The article says he shot the commercial last month. Honestly, I can’t wait to see it – “What makes Cloud Coin the greatest crypto company in the universe? It’s gotta be the shoes!

John Jenkins

July 14, 2021

Securities Litigation: Class Action Filings Drop in 1st Half of 2021

Over on the “D&O Diary,” Kevin LaCroix reports that federal securities class action filings declined significantly during the first half of 2021.  Here’s an excerpt summarizing his findings:

Federal court securities class action lawsuit filings declined in the first half of 2021 to the lowest semiannual levels in several years. Several factors contributed to this relative decline, most significantly the shift by plaintiffs’ lawyers toward filing federal court merger objection lawsuits as individual actions rather than as class actions. In addition, as discussed further below, other factors contributed to the relative decline. The filing levels in the year’s first six months puts the filing for the full year 2021 on pace for the lowest annual filing levels since 2015, after several intervening years in which filings were at historically high levels.

Merger objection class action filings dropped by 81% this year. Unfortunately, that doesn’t mean that the number of those lawsuits is actually declining, but merely that they’re being filed as individual actions. Why? Kevin says it’s to reduce the likelihood of court scrutiny of plaintiffs lawyers’ merger objection mootness fee “racket”.

John Jenkins

July 13, 2021

Meme Stocks: AMC Apes Say “No” to More Stock for their Silverback

Last month, I blogged about AMC’s efforts to cultivate the meme stock “apes” who’ve pushed the company’s valuation to staggering heights.  Part of that effort was directed at persuading stockholders to authorize another 25 million shares so the company could continue its efforts to shore up its balance sheet through stock sales.  That effort apparently failed, as AMC’s CEO Silverback Adam Aron acknowledged when he took that proposal off the table last week. Here’s an excerpt from a recent Marketwatch.com article:

In a Tuesday morning filing, AMC Entertainment disclosed that it is abandoning its request that shareholders approve an issuance of 25 million new shares as part of a planned capital increase that would have allowed the company to leverage its alpha “meme stock” status but also diluted the stakes of existing stockholders who are overwhelmingly retail investors and who have made their opposition to the plan quite plain on social media.

AMC chief Adam Aron, who has made a habit of engaging directly with the retail investors now thought to hold roughly 80% of his company’s shares, took to Twitter minutes after the filing to let his base know that they were the reason behind his decision.

Accompanied by a picture of the words “I see you, I hear you, I value you,” Aron tweeted that while he still wants the capital from 25 million new shares to pay down AMC’s remaining debt load and give him cash reserves to play with as the theater industry recovers, he is acutely aware of the difference in opinion among AMC’s retail base on social media and “does not want to proceed with such a split.”

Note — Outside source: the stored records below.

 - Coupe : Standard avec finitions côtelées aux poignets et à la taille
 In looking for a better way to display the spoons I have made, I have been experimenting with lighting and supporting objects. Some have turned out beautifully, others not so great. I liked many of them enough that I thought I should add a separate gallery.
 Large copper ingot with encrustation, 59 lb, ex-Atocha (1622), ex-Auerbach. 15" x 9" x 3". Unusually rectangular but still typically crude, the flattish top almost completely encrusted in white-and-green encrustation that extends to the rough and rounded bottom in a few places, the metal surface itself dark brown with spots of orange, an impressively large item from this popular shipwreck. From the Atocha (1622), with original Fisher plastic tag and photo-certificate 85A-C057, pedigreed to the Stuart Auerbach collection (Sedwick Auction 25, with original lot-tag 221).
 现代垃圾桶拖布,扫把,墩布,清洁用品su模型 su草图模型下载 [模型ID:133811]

While AMC pitched this as a move to keep its retail investors happy, there may be a more pragmatic issue associated with the decision that other meme stocks may also have to face.  Put simply, the problem is that retail investors don’t vote. And as this Axios article points out, with an investor base that’s 80% retail, “it’s not clear whether enough of them would have ‘shown up’ to even move the vote forward.”

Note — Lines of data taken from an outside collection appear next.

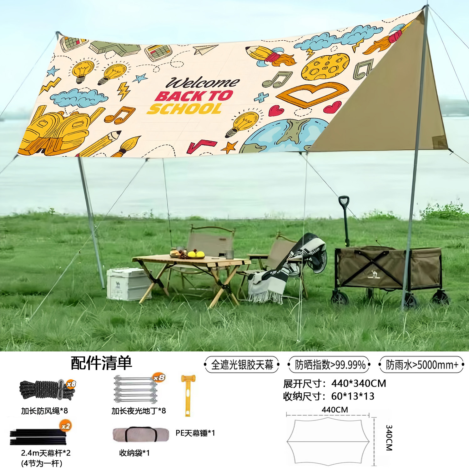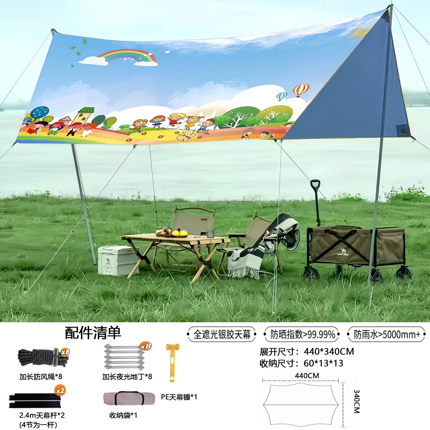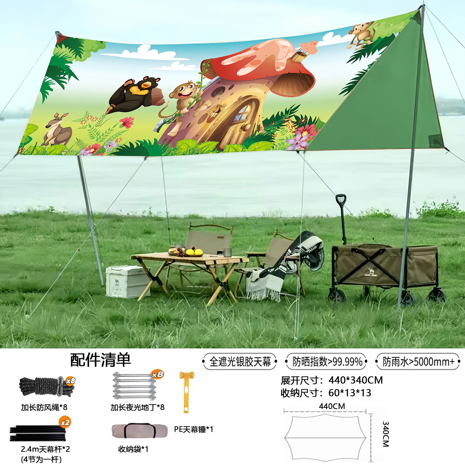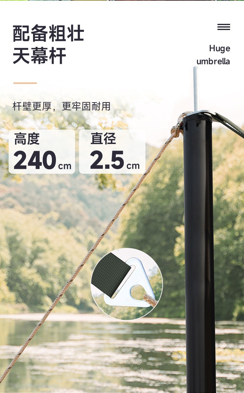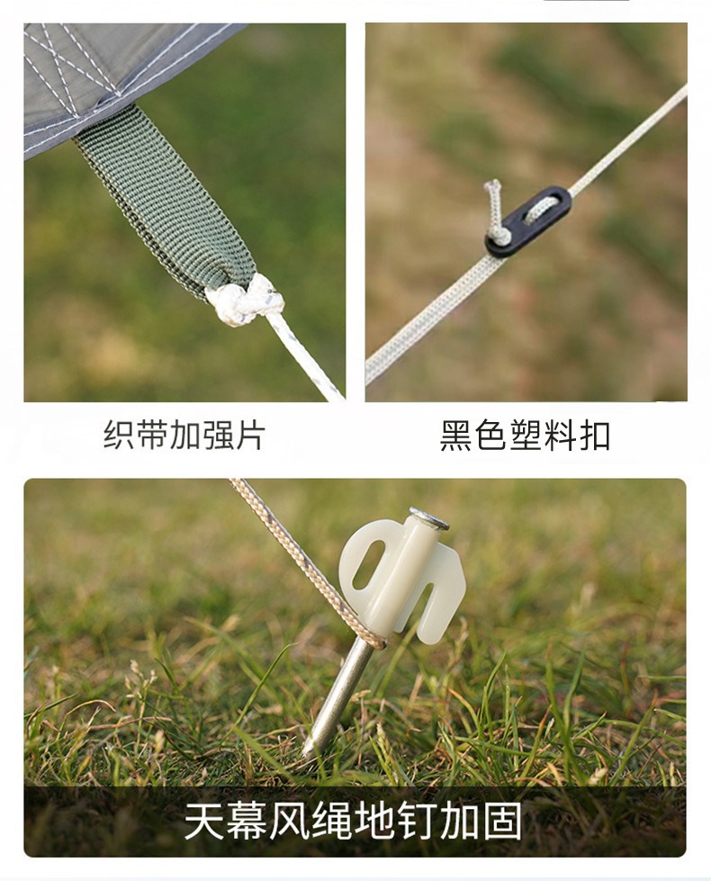 • 실버(아이보리 화이트)로 코팅된 기본 텐트 천 + 윈드 로프
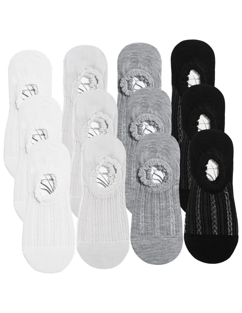 Bezszwowe wykończenie eliminuje uczucie ucisku w okolicach palców. Silikonowa zapiętka stabilizuje stopkę na pięcie, ograniczając jej zsuwanie się. Niski krój sprawia, że model pozostaje niewidoczny w obuwiu.
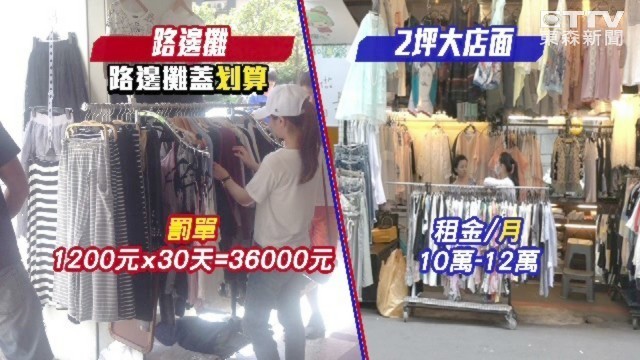 台北市東區街頭常可見賣衣服的攤販,若被警察取締一次開罰1200元到2400元,罰單不便宜,但仍全擠在捷運出口附近擺攤;因東區小小2坪店面租金可超過10萬元,讓利潤本來就不多的服飾業者,選擇在路邊擺攤,就算連收30天罰單也比租金便宜。
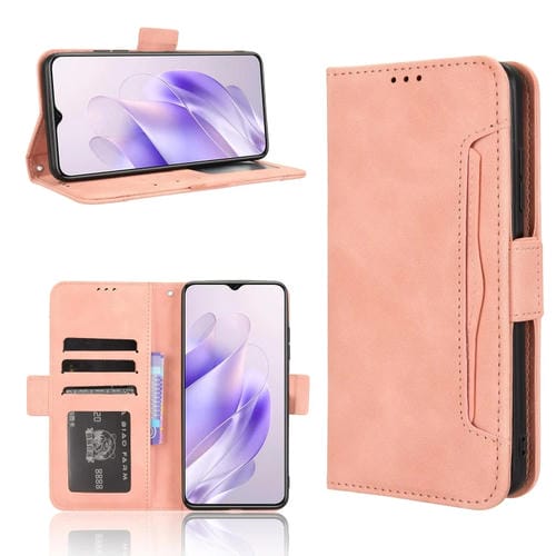 Funda de Piel con Textura de Becerro y Ranuras para Tarjetas para Oukitel C37 (Rosa)
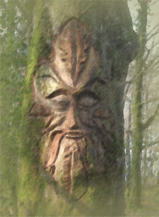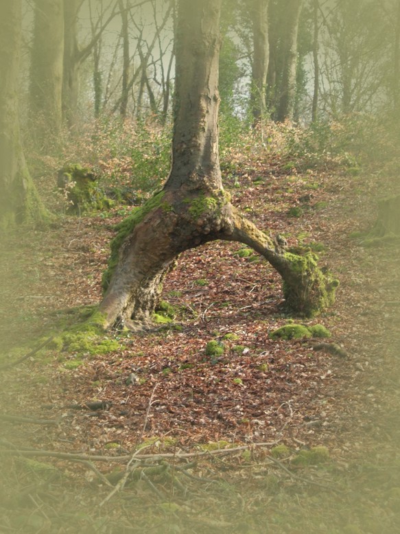 Man spürt die Veränderung der Atmosphäre noch, bevor man hört, dass sich jemand nähert. Als ich mich umdrehe sehe ich, dass es drei Hunde sind und die Lady des Landes, die sich auf uns zu bewegen. Fröhlich und freundlich begrüßen uns die Hunde, die Lady, ihr Name ist Sue, sagt ‚Hallo‘. Und ehe wir uns versehen befinden wir uns in einem kleinen Smalltalk über die Gegend und das Angeln. Sue Lady Kilbracken erlaubt nur ausgewählten Anglern auf ihrem Land zu fischen. Das Jagen ist ganz untersagt. Sie hatte in der Vergangenheit Probleme mit fahrlässigen, unfreundlichen und naturschädigenden Menschen. Doch Angler, die von Hans, wo wir wohnen, kommen sind bei ihr stets willkommen. Denn sie weiß, dass bei Hans nur Naturfreunde unter kommen. Kurzerhand läd sie uns ein zu einem Spaziergang, um uns einen kleinen Angelplatz zu zeigen, an dem es sich gut fischen lässt. Wir nehmen die Einladung an und wandern mit ihr los. Vergessen ist die St. Patrick’s Parade in Killeshandra. Das schöne Wetter kitzelt auf der Haut und lockt einen regelrecht in den Wald. Und dann scheint es, als würde Sue etwas einfallen. Sie weicht vom Weg ab, geht hinein in den Wald und weist uns an ihr zu folgen. Sie wolle uns jemanden vorstellen. Mit einem Male dann stehen wir vor ihm, mitten im Wald lächelt er uns entgegen. „The Green Man“, entfährt es mir, freudig überrascht. Und erstaunt sieht mich Sue an, verwundert, dass ich den freundlichen Baummann kenne. Ich gestehe ihr, dass ich ihn schon lange kenne, ihm aber hier noch nicht begegnet sei. Hingegen ein paar Feen, die hier leben, habe ich schon gesehen. Vor allem die, ‚an der kleinen Brücke‘. Hier lebt eine Fee, der ich bereits 1991 begegnet bin und deren Anwesenheit ich stets als sehr angenehm empfinde. So berichte ich Sue. Und sie strahlt mich an und gibt mir einen Hinweis, wo ich den Feenkreis finde, an dem sie sich treffen. Den hatte ich, in der Tat, noch nicht selbst gefunden, denn er ist gut verborgen. Ein paar Wegweiser in der Natur könnten mir den Weg zeigen, so die Wesen der Anderswelt es wollen. Ich bin ganz aufgeregt und würde am liebsten gleich los gehen, aber zunächst geht es weiter, wir suchen noch einen Angelpatz auf. Und auch hier gibt es einen Koboldsitz und der ortsansässige Kobold erlaubt uns auch ein Foto.

In other words, AMC may have a tough enough time just getting a quorum for its annual meeting, let alone persuading a majority of the outstanding shares to vote in favor of a charter amendment. As Lynn blogged last week, at least one public company has already had to adjourn its meeting due to the absence of a quorum. With the rise of retail ownership in public companies and TD Ameritrade’s policy change on discretionary voting, chances are that other retail investor-heavy companies are also going to find pulling a quorum together to be a challenge.